File Size Matters

It just happened again. One of my students, working on a video project tried to email me the final version. Fortunately, the TWO GIGABYTE file was too big to be accepted by the UF email server. I did receive the follow-up email asking if I knew if there was something wrong with the email server because this email wasn’t going through.

Just for context, you should know a few things.

1. I teach most of my classes online.
2. The Learning Management System (Blackboard in my case) is where all assignments are turned in (no exceptions).
3. My syllabi specifically state the only time an attachment should be emailed to me is if I ask for it to be mailed to me ahead of time.

I have had instances where the LMS scrambles certain files. Our Bb server still can’t handle Flash files sent from certain Macintosh computers. If I have a student using a Macintosh in a multimedia class, I will have that student file attach a Flash file to me. I only do this AFTER we establish the fact that the LMS won’t handle the file without breaking it.

Having a student email me a file out of the blue is distressing. Everyone knows that email attachments are the primary source of modern viruses. On top of that, UF limits each user to 100 MB of total email. A couple of large email attached videos and I am out of commission.

When someone tries to email something that is twenty times larger than the limit I can receive, there is a bigger problem. The problem is that many users have no idea how to tell if one file is any different in size than any other file. The GUI has contributed to this problem. Even Windows Explorer doesn’t show file sizes or file extensions (don’t get me started on that) by default. If you mouse-over a file, you can get this information, but many users don’t know this or don’t use the information. Even knowing that a file is 2 GB doesn’t help. With high speed Internet, it should matter… right?

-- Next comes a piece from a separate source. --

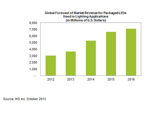 | General lighting has long been seen as prompting the "third wave" of the LED revolution, preceded by the mass-market backlighting of first cell phones and then notebook PCs and televisions. IHS believes that as the cost of LED lamps drops, widespread consumer adoption will drive the market for packaged LEDs used in lighting to some $7.1 billion in 2016. Source: IHS. |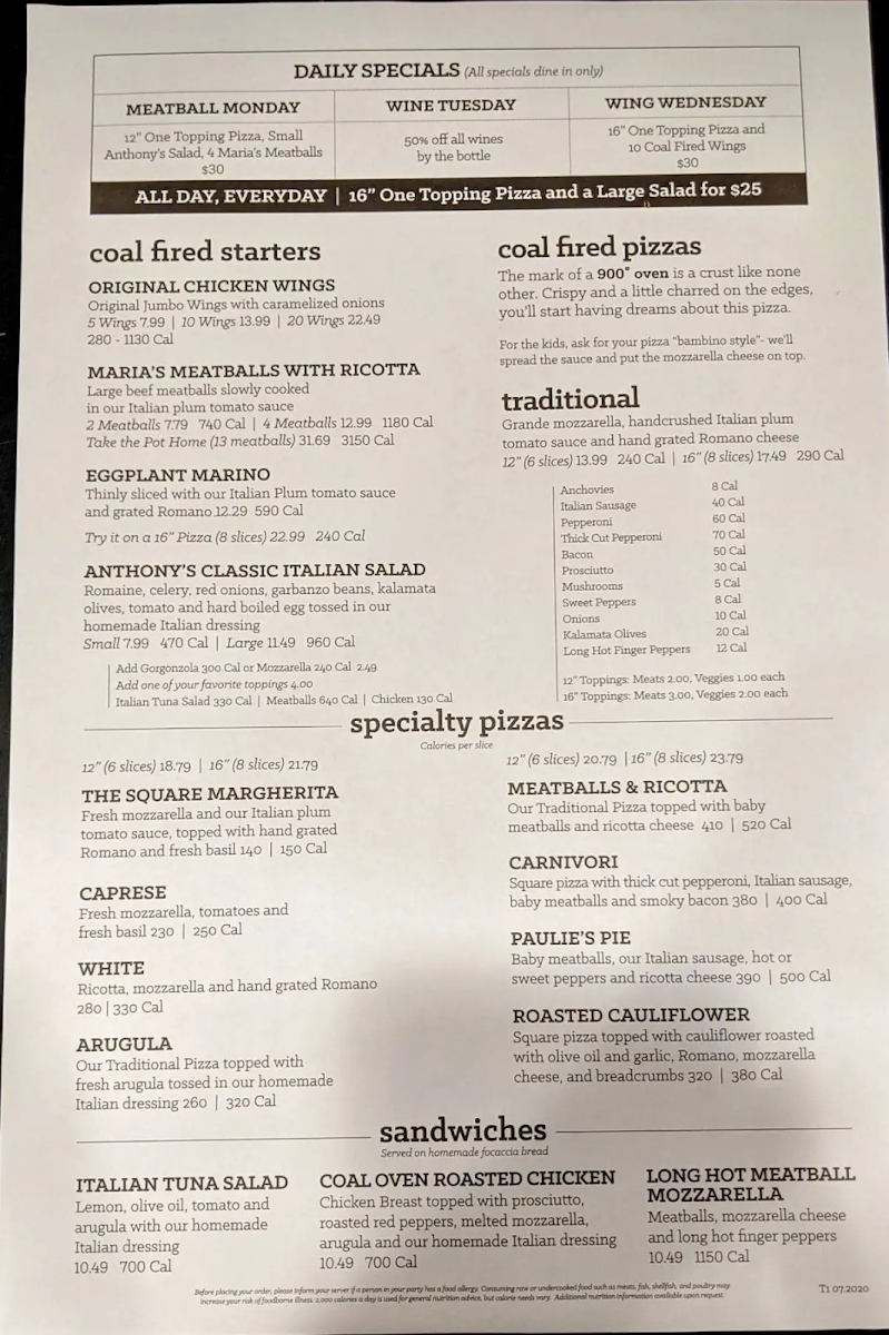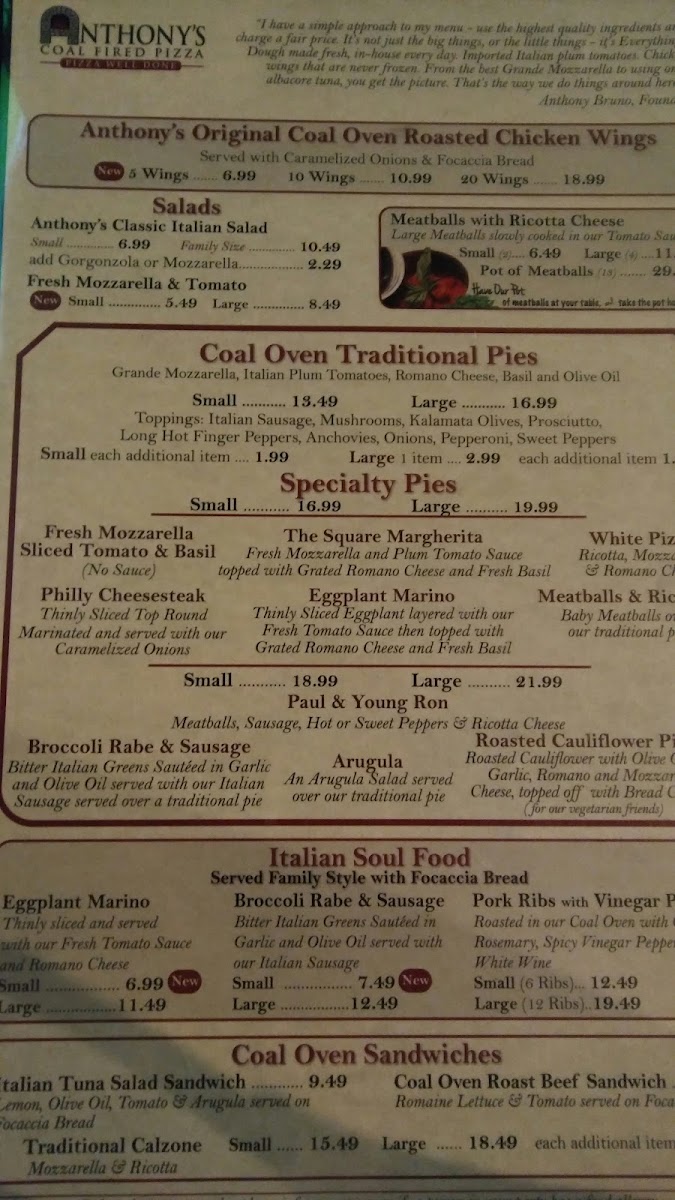 Overall, Anthony's Coal Fired Pizza & Wings menu offers a satisfying range of dishes that cater to different tastes, from fresh salads to hearty pizzas and mouthwatering sandwiches. Whether you're looking for a light bite or a hearty feast, there's something for everyone to enjoy.

Email should be words. I don’t even format my email. It is plain ASCII. I would never choose to use HTML in my email. If I want to send someone an agenda, I don’t attach a Word document. An agenda is made of words just like email. I can copy and paste words from a word processor into my email and save someone the trouble of opening an attachment… that contains only words.

Do you realize the process involved in sending someone a file attachment. Since email is based on ASCII text, the email attachment must be converted to ASCII using Unix to Unix Encoding. This makes the file roughly twice as big as the binary version. This doesn’t include the extra overhead that is created by all the formatting code that goes into most binary files. An ASCII page of text is 2k. Copy the same text into Word and it becomes 4k. UUE the 4k and becomes 7k. So attaching a one page text document is like sending three and half pages of email.

Last year I received over 300 MB of file attachments. Most were only a few megabytes. The largest was 12 megabytes. If I consider only the attachments (not the accompanying email), this was more than three times the capacity of my inbox. Most of these attachments could have been avoided if senders would send links to files instead of attachments. With all the content management systems that we use to hold our information, emailing a link to something instead of an attachment saves everyone time. If I need the information, I can follow the link and I don’t have to clean it out of my attachment folder.